# Still using ABS?



## Inner10 (Mar 12, 2009)

> I have a friend that lives in Kitchener and his new house was done in PVC.


That was a bit of an exaggeration, if you want PVC you have to go to a plumbing supplier like Boone, Home Depot, Rona etc none carry PVC for DWV in any reasonable quantity. Honestly I've never ever seen a residential home plumbed in it for DWV around here....maybe the Germans prefer PVC and Kitchener is special. 



> I figured climate and soil for reasons. ABS is pretty much indestructible. Have dug up some that is 20 years old and looks like new.
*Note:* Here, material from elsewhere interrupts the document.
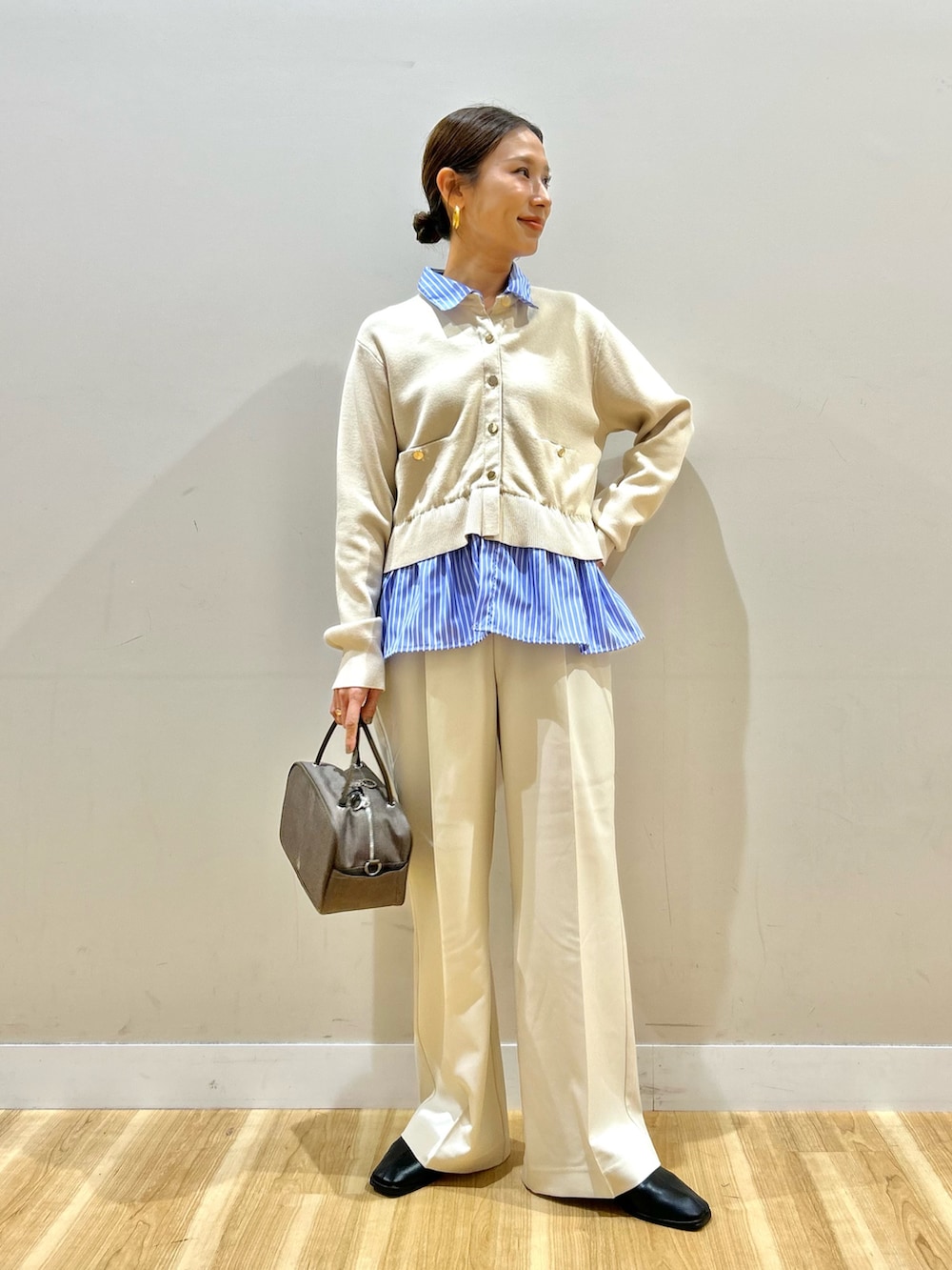 ゴールドのボタンが上品なポイントです✨

I've seen multiple times ABS cracking in laundromats when its run under concrete. Cast appears to have a longer lifespan....I ain't a plumber but I spent many years installing appliances and chipping concrete.


----------



## KillerToiletSpider (May 27, 2007)

Poly Vinyl Chloride was invented by a German.


----------



## skitian (Feb 5, 2011)

Inner10 said:


> That was a bit of an exaggeration, if you want PVC you have to go to a plumbing supplier like Boone, Home Depot, Rona etc none carry PVC for DWV in any reasonable quantity. Honestly I've never ever seen a residential home plumbed in it for DWV around here....maybe the Germans prefer PVC and Kitchener is special.


In Maryland I've only ever seen ABS in a handful of residential developments about 20 years old. Everything else, other than cast, I see is PVC. I've installed tons of it for DWV and handfuls for water.


----------



## Smatt (Feb 22, 2011)

skitian said:


> In Maryland I've only ever seen ABS in a handful of residential developments about 20 years old. Everything else, other than cast, I see is PVC. I've installed tons of it for DWV and handfuls for water.


Not sure what handfuls for water means. Could you please clarify?


----------



## Tinstaafl (Jan 6, 2008)

Tons of it for DWV and handfuls *of it* for water.


----------



## skitian (Feb 5, 2011)

Most of the time we use cpvc or copper for water. Usually, though after we bring a PEP well line into a house, we turn it into PVC on it's way to the pump tank. That usually accounts for about 3'-5' of pipe, thus handfuls of PVC versus doing all the waste and vent in it.


----------



## griz (Nov 26, 2009)

Never seen ABS for water out here. Only PVC for H2O.


----------



## Smatt (Feb 22, 2011)

Not allowed to use PVC for potable water in the house. Only as a water supply from the city meter we can run it under the footer but that is as far as it goes. Does not handle expansion and contraction under pressure very well.


That's why I did not understand the phrase handfuls of it for water.

Different strokes for different regions.


----------